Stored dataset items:
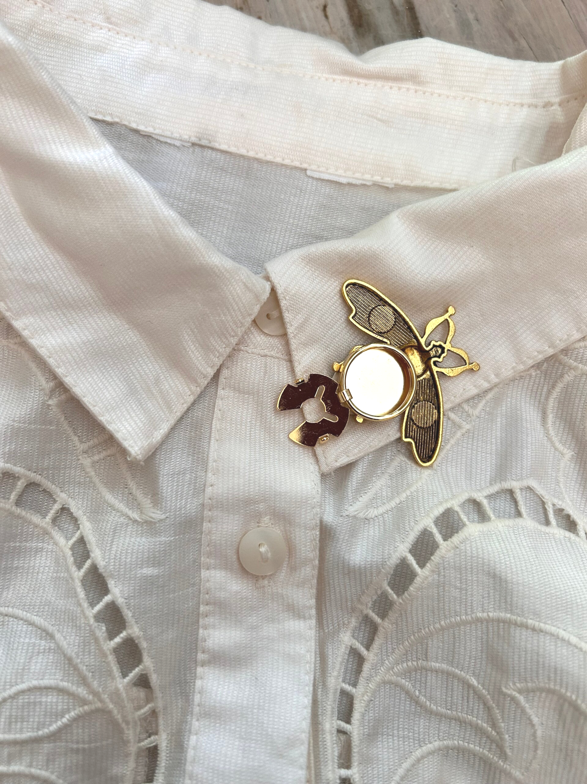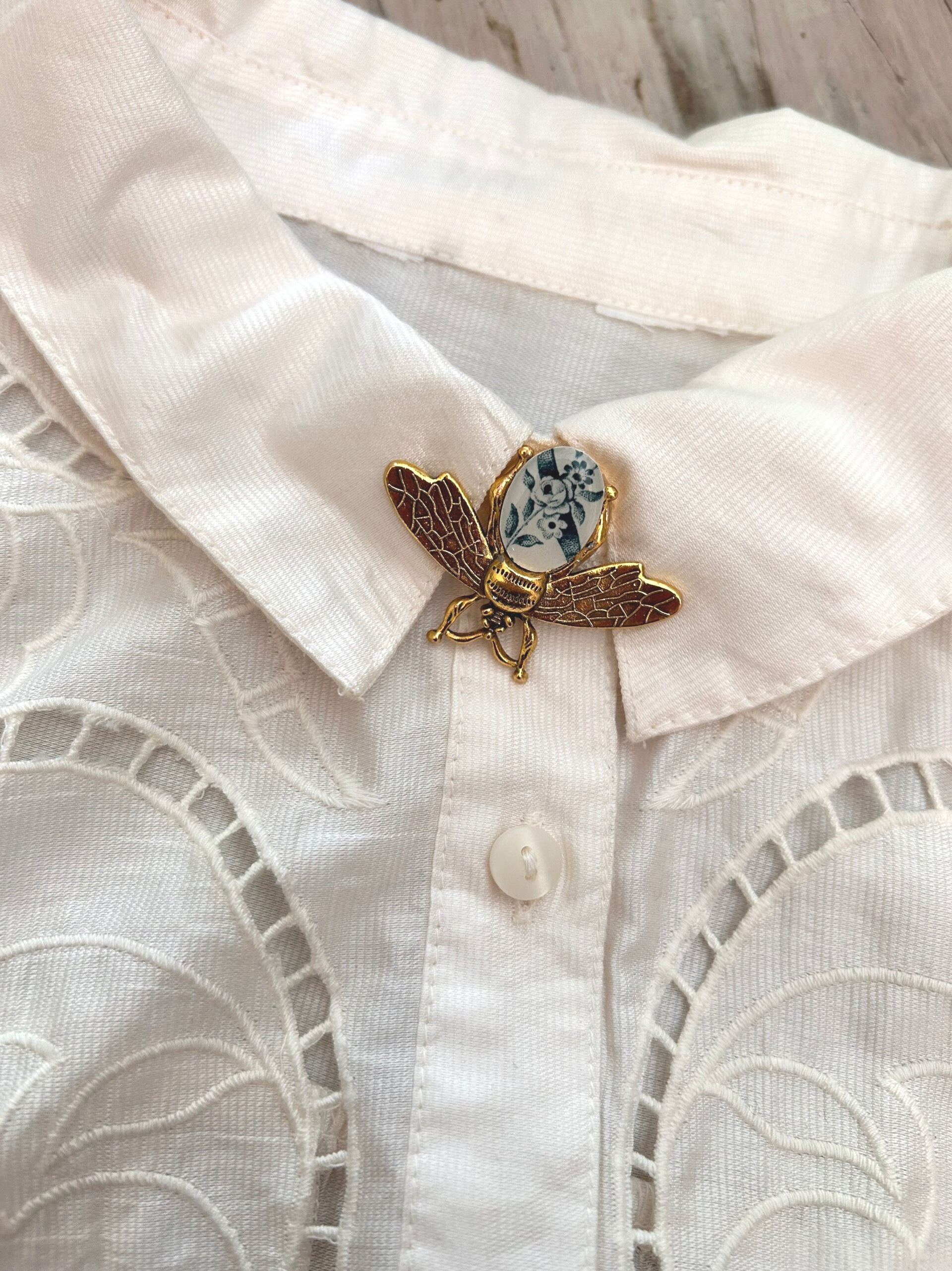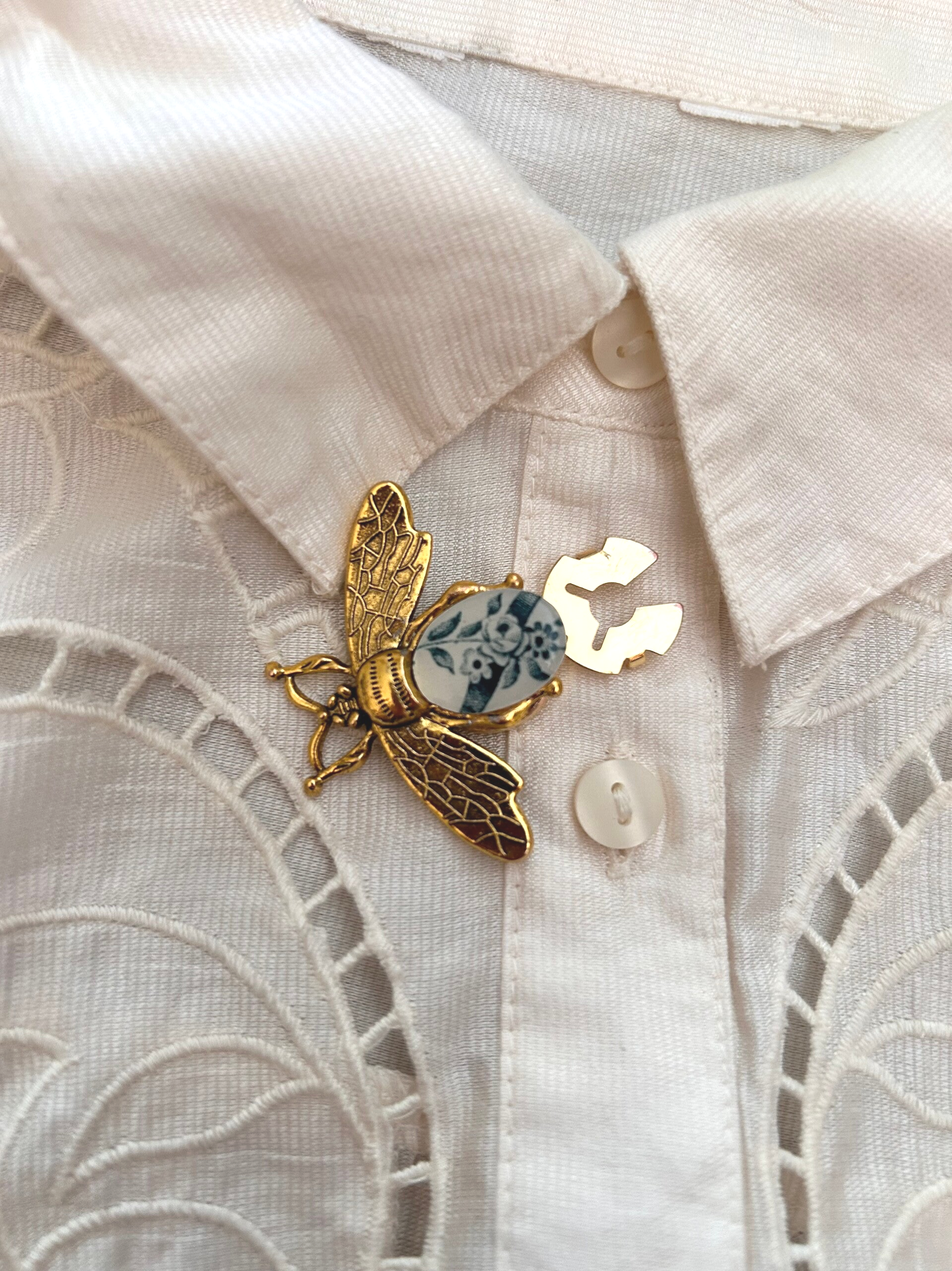 Cette abeille dorée, à la silhouette délicate, abrite en son cœur un fragment d’ancienne terre de fer, au décor fleuri patiné par le temps.
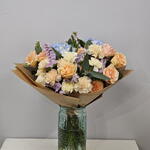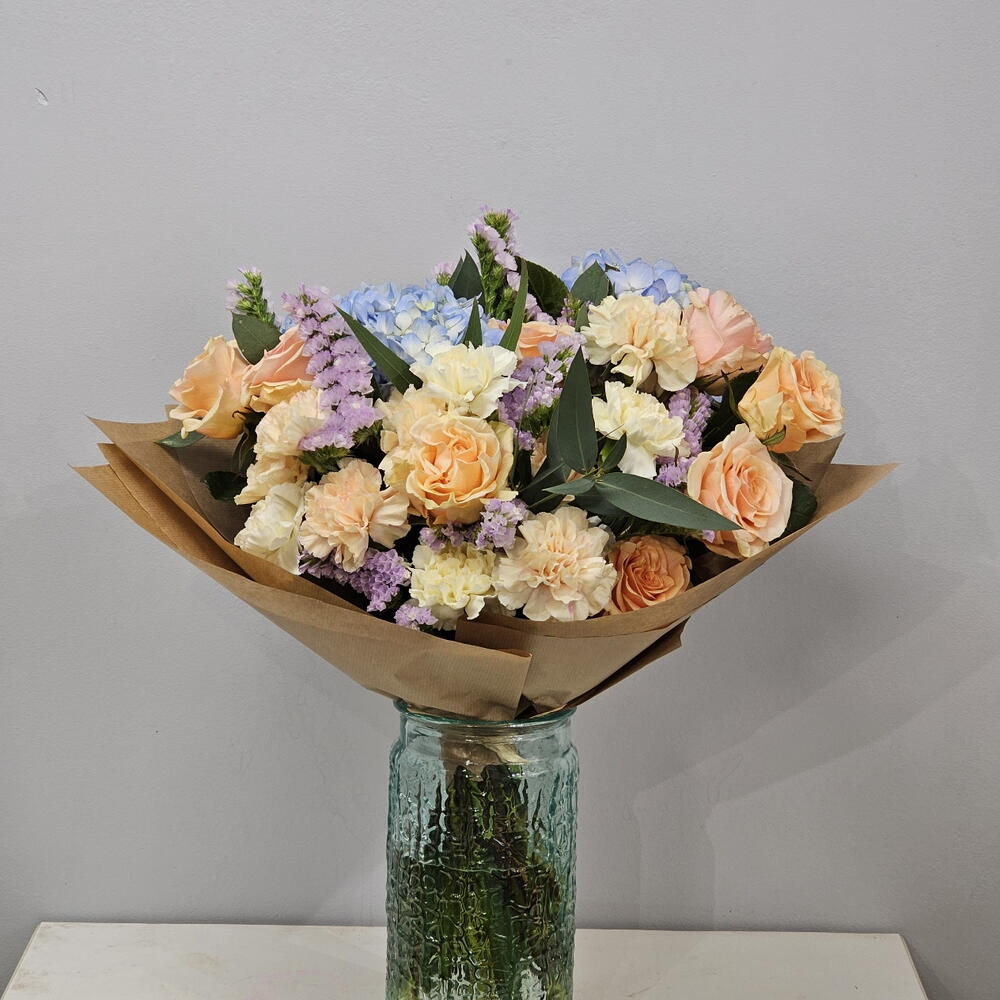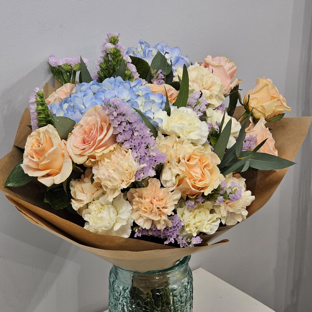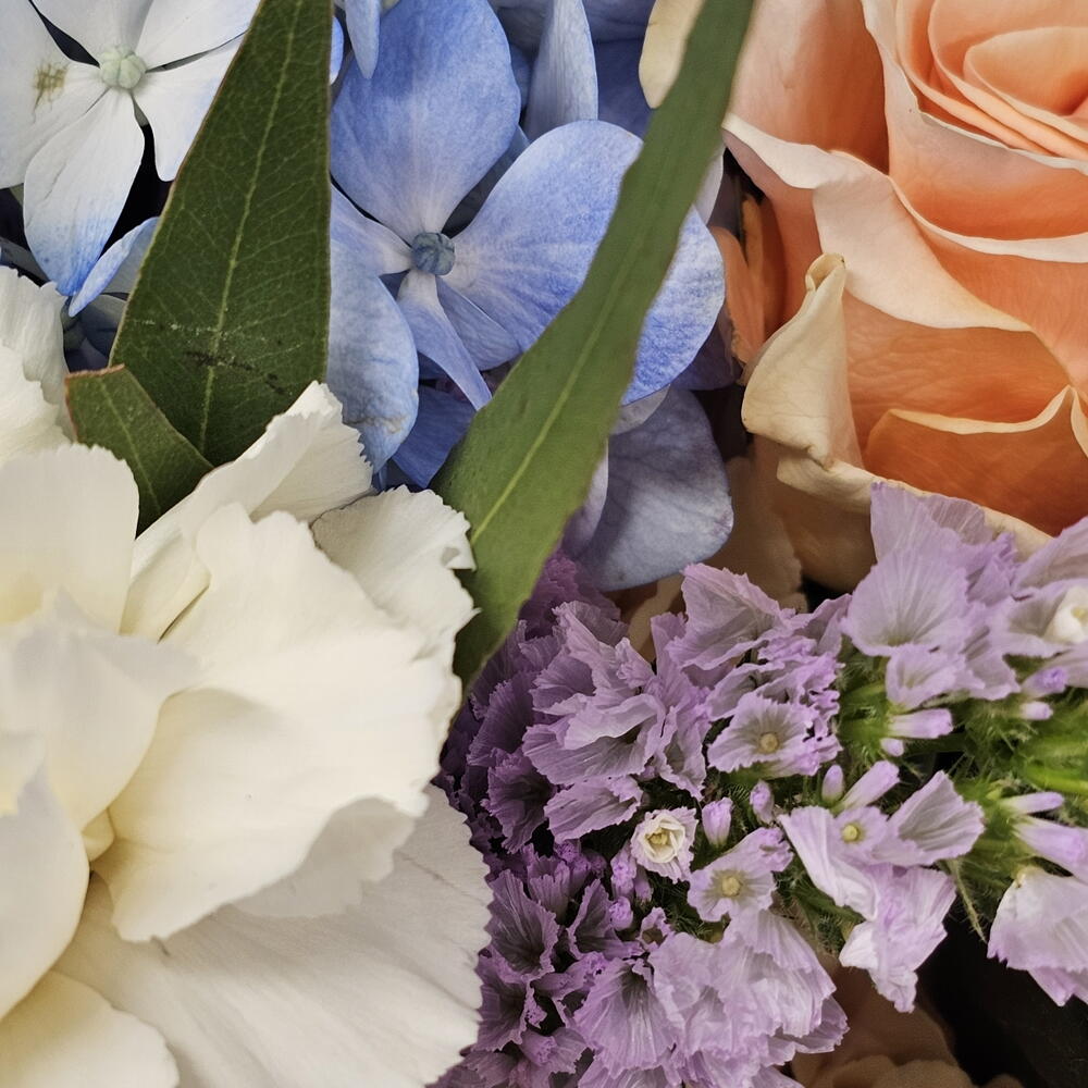 Букет, сповнений гармонії та свіжості, що поєднує в собі ніжні пастельні тони. З ніжними персиковими трояндами, кремовими гвоздиками, блакитними гортензіями та акцентами бузку, ця композиція ідеально підходить для передачі спокою та ніжності. Зелене листя додає свіжого контрасту, що підкреслює природну красу дизайну. Ідеально підходить для особливих випадків, таких як річниці, весілля або просто для того, щоб зробити день коханої людини яскравішим. Рекомендований догляд: Зріжте стебла під кутом, перш ніж поставити букет у вазу зі свіжою водою. Міняйте воду кожні два дні та тримайте букет у прохолодному місці, подалі від протягів та прямих сонячних променів. Цей букет – насолода для почуттів!
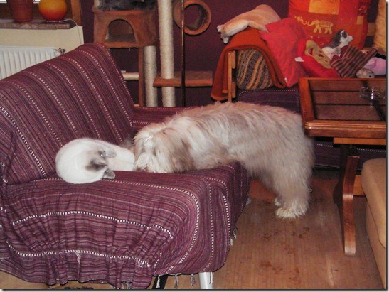 She lives with her half-sister, Kruemel and a big, gentle Great Dane mix, Josie-Joie
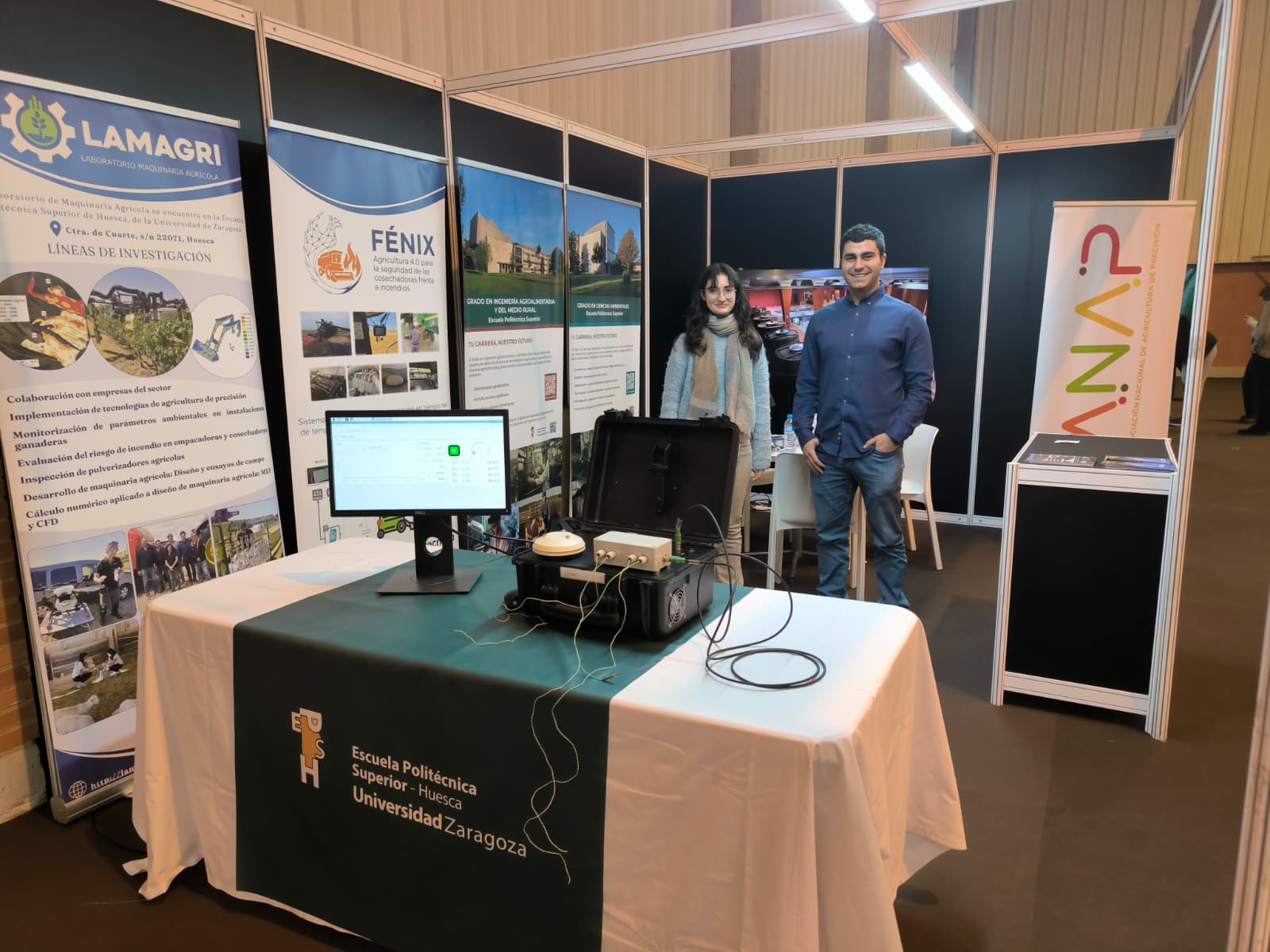 Un equipo formado por estudiantes de este centro explica a los visitantes la formación que reciben en el grado de Ingeniería Agroalimentaria y del Medio Rural, en el de Ciencias Ambientales y en el máster en Ingeniería Agronómica. En el mismo puesto de la Escuela oscense –situado en el espacio FimaTech de la Feria, dedicado a la innovación tecnológica y la digitalización del sector agrícola- se exponen dos demostradores de desarrollos realizados en el “campus verde” de Huesca. Se trata, por un lado, de un sistema de detección de la temperatura de mecanismos de cosechadoras, empacadoras y otras máquinas, destinado a evitar los conatos e incendios que se generan, con cierta frecuencia en verano, en las labores agrarias. Y también de sistema de pulverización electrostática que permite aplicar con precisión los fitosanitarios rociando ambas caras de las hojas de las plantas sometidas a este tratamiento.
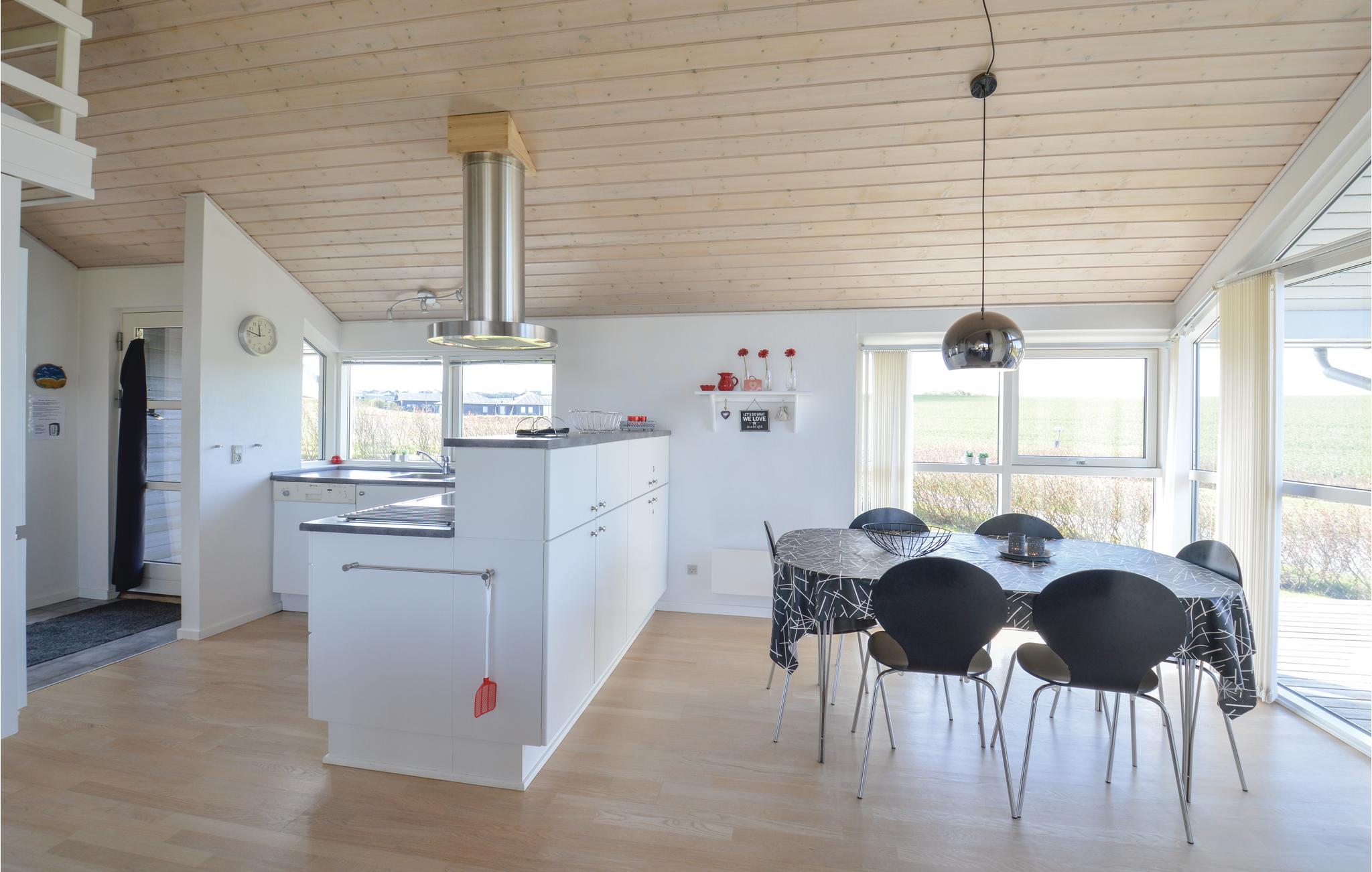Dette flotte og meget velholdte sommerhus ligger i det smukke Gjellerodde med den skønneste udsigt over Nissum Bredning. Udsigten er fantastisk lige meget i hvilket af husets rum I befinder jer, enten har I udsigt over vandet, ellers har I udsigt over de dejlige, fredfyldte marker. Huset er indrettet med tre soveværelser samt en hems. Endvidere findes der et stort badeværelse med både spabad og sauna samt et lyst køkken, der ligger i åben forbindelse med stuen. Fra stuen er der udgang til terrassen og til den store have, hvor I kan boltre Jer. ca. 400 m fra huset er der en stor legeplads, også med direkte udsigt over vandet. Kan I ønske jer et bedre udgangspunkt for den kommende ferie?

> Task objective
The records above are to be retyped exactly, with every picture left out.

> Task solution
 Cette abeille dorée, à la silhouette délicate, abrite en son cœur un fragment d’ancienne terre de fer, au décor fleuri patiné par le temps.
 Букет, сповнений гармонії та свіжості, що поєднує в собі ніжні пастельні тони. З ніжними персиковими трояндами, кремовими гвоздиками, блакитними гортензіями та акцентами бузку, ця композиція ідеально підходить для передачі спокою та ніжності. Зелене листя додає свіжого контрасту, що підкреслює природну красу дизайну. Ідеально підходить для особливих випадків, таких як річниці, весілля або просто для того, щоб зробити день коханої людини яскравішим. Рекомендований догляд: Зріжте стебла під кутом, перш ніж поставити букет у вазу зі свіжою водою. Міняйте воду кожні два дні та тримайте букет у прохолодному місці, подалі від протягів та прямих сонячних променів. Цей букет – насолода для почуттів!
 She lives with her half-sister, Kruemel and a big, gentle Great Dane mix, Josie-Joie
 Un equipo formado por estudiantes de este centro explica a los visitantes la formación que reciben en el grado de Ingeniería Agroalimentaria y del Medio Rural, en el de Ciencias Ambientales y en el máster en Ingeniería Agronómica. En el mismo puesto de la Escuela oscense –situado en el espacio FimaTech de la Feria, dedicado a la innovación tecnológica y la digitalización del sector agrícola- se exponen dos demostradores de desarrollos realizados en el “campus verde” de Huesca. Se trata, por un lado, de un sistema de detección de la temperatura de mecanismos de cosechadoras, empacadoras y otras máquinas, destinado a evitar los conatos e incendios que se generan, con cierta frecuencia en verano, en las labores agrarias. Y también de sistema de pulverización electrostática que permite aplicar con precisión los fitosanitarios rociando ambas caras de las hojas de las plantas sometidas a este tratamiento.
Dette flotte og meget velholdte sommerhus ligger i det smukke Gjellerodde med den skønneste udsigt over Nissum Bredning. Udsigten er fantastisk lige meget i hvilket af husets rum I befinder jer, enten har I udsigt over vandet, ellers har I udsigt over de dejlige, fredfyldte marker. Huset er indrettet med tre soveværelser samt en hems. Endvidere findes der et stort badeværelse med både spabad og sauna samt et lyst køkken, der ligger i åben forbindelse med stuen. Fra stuen er der udgang til terrassen og til den store have, hvor I kan boltre Jer. ca. 400 m fra huset er der en stor legeplads, også med direkte udsigt over vandet. Kan I ønske jer et bedre udgangspunkt for den kommende ferie?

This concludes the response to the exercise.